The Department of Homeland Security (DHS) recently announced two proposed regulations that would extend employment authorization benefits to additional nonimmigrant categories. The proposed rules aim to attract and retain new businesses, investment and highly-skilled workers in the United States. The new provisions will be published as proposed rules in the Federal Register with opportunity for public comment. Click here to view the DHS Announcement.
Proposed Rule to Extend Employment Authorization to Certain H-4 Spouses
Under existing regulations, spouses of H-1B visa holders are not eligible to work in the U.S. The proposed rule will amend the existing regulations to allow these H-4 spouses to request employment authorization when the principal H-1B worker has reached a certain point in the employment-based green card process.
H-4 spouses who will be eligible to request employment authorization under the proposed rule include:
- Spouses of H-1B workers who are beneficiaries of an approved Form I-140, Immigrant Petition for Alien Worker; and
- Spouses of H-1B workers who have been granted a H-1B extension beyond the six-year limit under the American Competitiveness in the Twenty-first Century Act of 2000 (AC21). The AC21 rules permit extensions beyond the six-year limit for H-1B employees who (a) have filed a labor certification that has been pending for at least 365 days or (b) have an approved Form I-140, Immigrant Petition in a backlogged category.
Under the current rules, H-4 spouses are not permitted to apply for work authorization until the H-1B employee reaches the last stage of the employment-based green card process. For H-1B employees in backlogged categories, the wait for the spouse to be able to request work authorization can be many years. The new proposed rule would significantly benefit H-1B holders from backlogged categories and their spouses by allowing the H-4 spouse to apply for work authorization much earlier in the process.

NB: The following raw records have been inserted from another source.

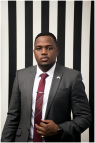Business portrait of a black man wearing formal attire against a striped background.
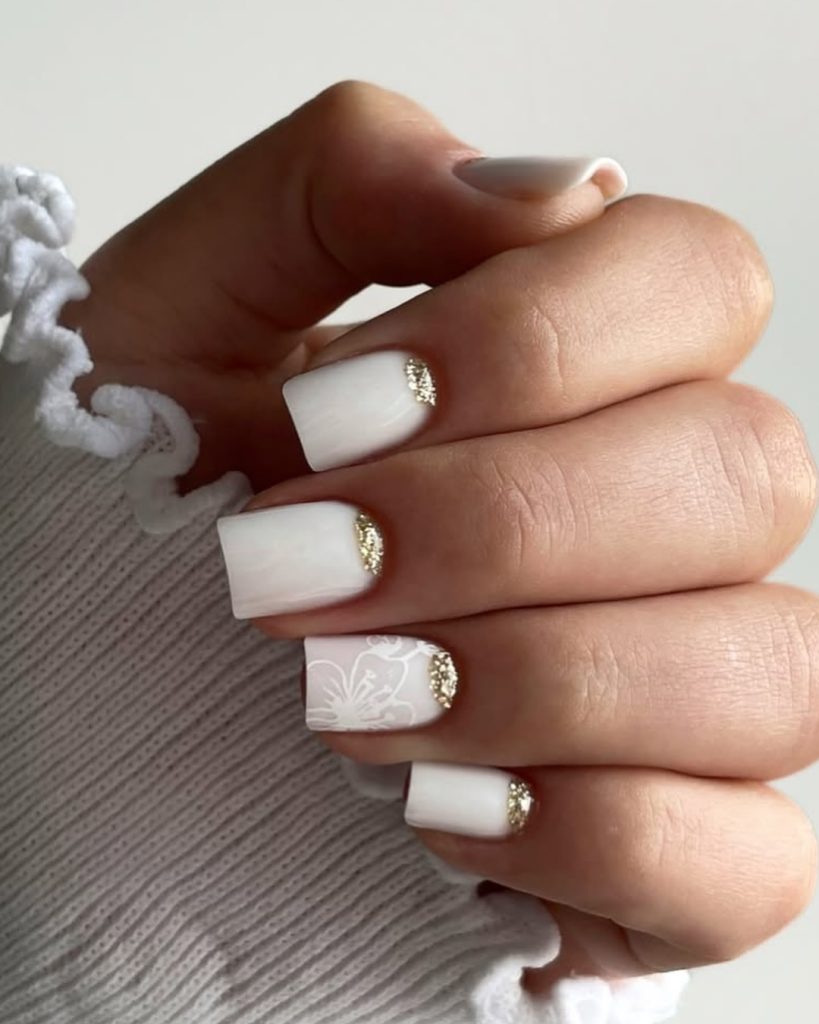 Snow-white polish on square Gold shimmer at the cuticle. One nail features a barely-there floral outline—like lace on a silk slip.
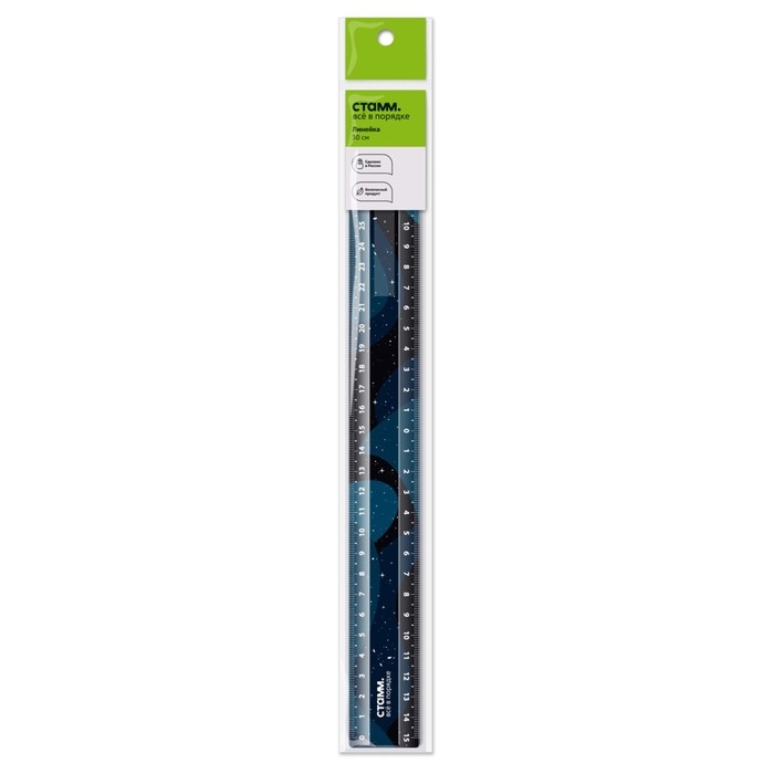 Линейка 30 см СТАММ "Космос", пластиковая, европодвес
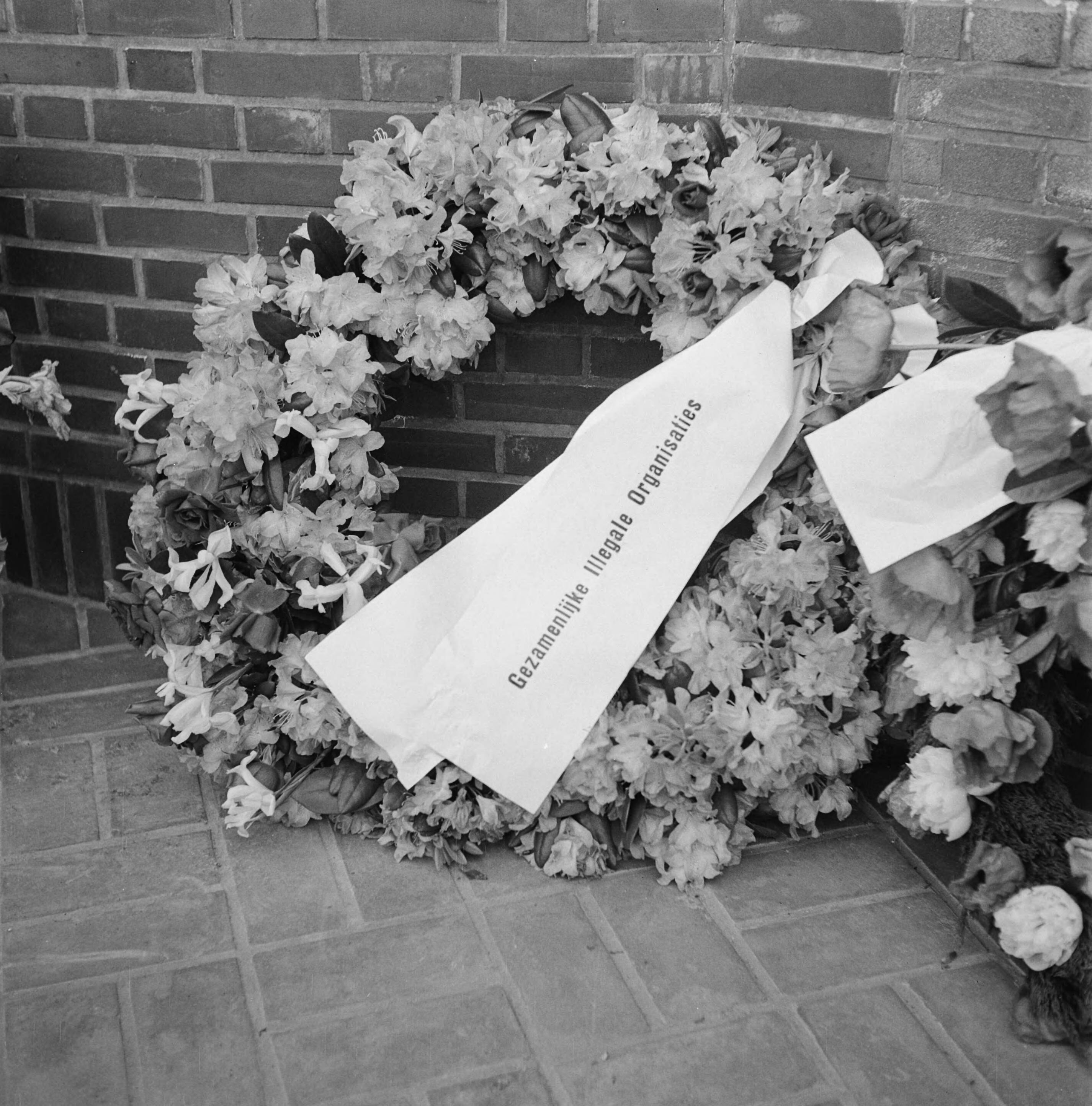 Krans van de Gezamenlijke Illegale Organisaties bij het oorlogsmonument Haagsche Schouw

Proposed Rule to Ease Extension Process for E-3 and H-1B1 Workers
This proposed rule provides an automatic extension of work authorization upon the filing of status extensions for E-3 professionals from Australia, H-1B1 specialty occupation professionals from Chile or Singapore, and CW-1 transitional workers from the Commonwealth of the Northern Mariana Islands. Under current regulations, E-3, H-1B1, and CW-1 holders whose extension petitions have been filed are not permitted to continue working after their status expires. The proposed rule would bring workers in E-3, H-1B1 and CW-1 status in line with other nonimmigrant categories, including H-1B, L-1A, L-1B, E-1, and E-2, who may continue to work while their extension petitions are in process. The new rule would ease the burden on employers for cases where E-3, H-1B1 and CW-1 workers have extensions that are subject to long processing times or a Request for Evidence.
Under the proposed rule, existing regulations would be changed to allow E-3, H-1B1, and CW-1 nonimmigrant workers up to 240 days of continued work authorization beyond the expiration date noted on their I-94 cards, as long as a timely-filed extension request remains pending.